Revision history for this message
OpenStack Infra (hudson-openstack) wrote : Related fix merged to nova (master)

Reviewed: https://review.openstack.org/634928
Committed: https://git.openstack.org/cgit/openstack/nova/commit/?id=cd1823195fac3d18aa58a45c819e6e97151b0f23
Submitter: Zuul
Branch: master

commit cd1823195fac3d18aa58a45c819e6e97151b0f23
Author: Jan Gutter <email address hidden>
Date: Tue Feb 5 14:51:49 2019 +0200

    Ignore some PendingDeprecationWarnings for os-vif

    os-vif got bumped to 1.14.0 in https://review.openstack.org/572082 and
    Nova is touching the VIFPortProfileOVSRepresentor class in a supported
    fashion until at least Train.

    However, that commit contributes to triggering bug 1813147 in check and
    gate. The warning is safe to silence and should be converted to an error
    in Train (once the older path is removed).

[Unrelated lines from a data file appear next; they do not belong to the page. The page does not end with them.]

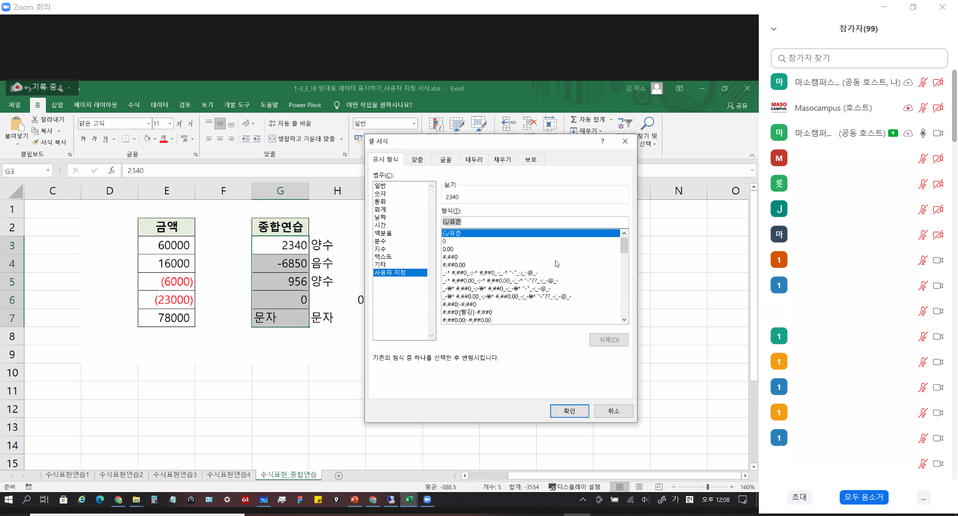 엑셀과 데이터 분석(초급) 1일차 (줌미팅 강의)
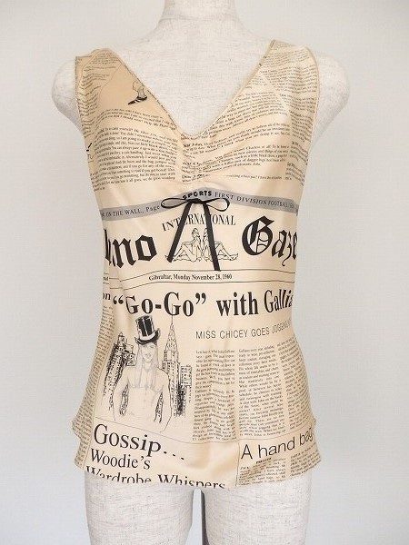 そんなジョンガリアーノが自身の名前を冠して発表していたブランドから、今回はニュースペーパープリントのシルクトップスを買取りさせていただきました。新聞柄のプリントはジョンガリアーノが好んで使うまさにアイコン的モチーフ。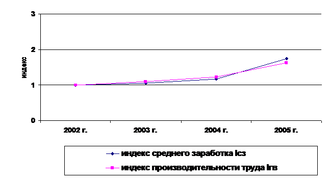 Для наглядности динамику индексов среднего заработка (Iсз) и производительности труда (Iгв) за 2002 – 2006 г. г. можно отразить графически (рис. 2.5).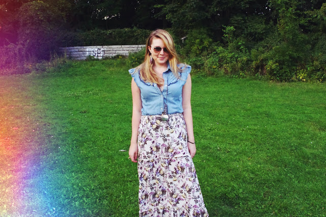 I like how you combine you new ray ban with jeans top and maxi skirt!!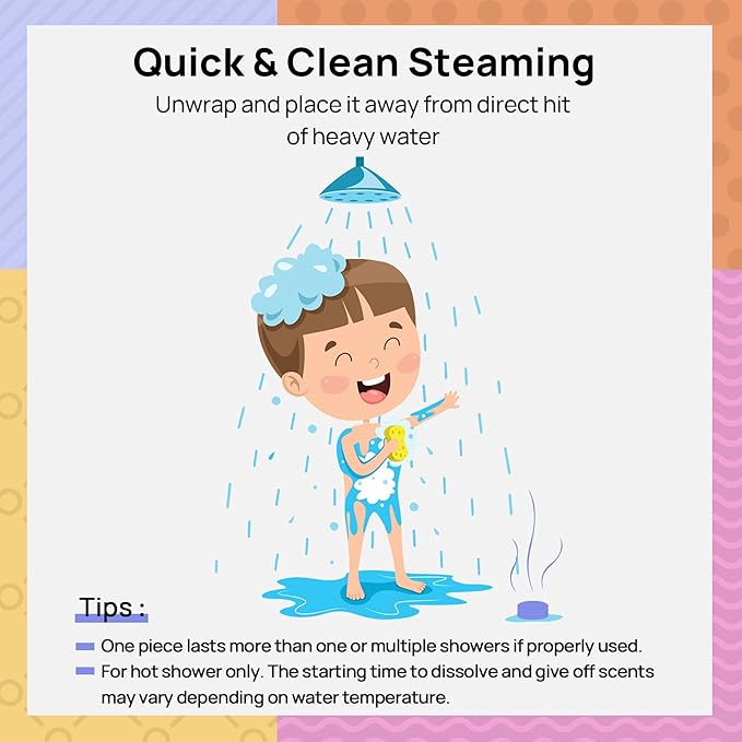 - Easy to use: Our shower steamers come individually wrapped and labeled in an elegant box, making them ideal for gifting. They’re safe and easy to use—simply pop one next to your shower stream, out of direct contact with the water. They leave no residue behind and won't clog drains or septic systems.
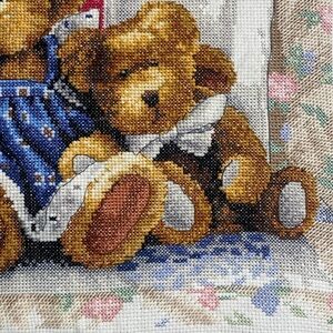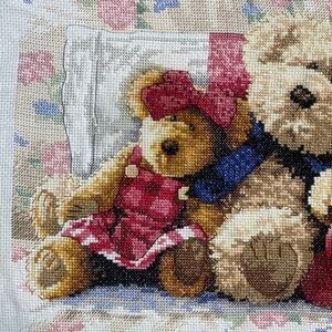 Cross Stitch | A Row Of Love | Family of Teddy Bears finished,completed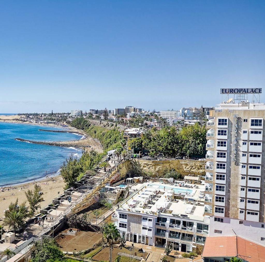 El Hotel Europalace es un hotel de 3 estrellas superior situado en primera línea de la Playa del Inglés, en Gran Canaria. Cuenta con unas vistas excepcionales del océano Atlántico y se encuentra a pocos minutos de las Dunas de Maspalomas.

    Change-Id: I9d8175c78f068cf9bdad4aeba0941f6ff49a9acc
    Signed-off-by: Jan Gutter <email address hidden>
    Related-Bug: #1813147
    blueprint: generic-os-vif-offloads

Revision history for this message
Matt Riedemann (mriedem) wrote :

Looks like this is our biggest issue in the functional py35 job now:

2019-02-06 21:04:13.978116 | ubuntu-xenial | b'/home/zuul/src/git.openstack.org/openstack/nova/.tox/functional-py35/lib/python3.5/site-packages/oslo_service/threadgroup.py:193: DeprecationWarning: Calling add_timer() with arguments to the callback function is deprecated. Use add_timer_args() instead.'

Revision history for this message
OpenStack Infra (hudson-openstack) wrote : Fix proposed to nova (master)

Fix proposed to branch: master
Review: https://review.openstack.org/635516

Changed in nova:
assignee: nobody → Matt Riedemann (mriedem)
status: Confirmed → In Progress
Revision history for this message
OpenStack Infra (hudson-openstack) wrote : Related fix merged to nova (master)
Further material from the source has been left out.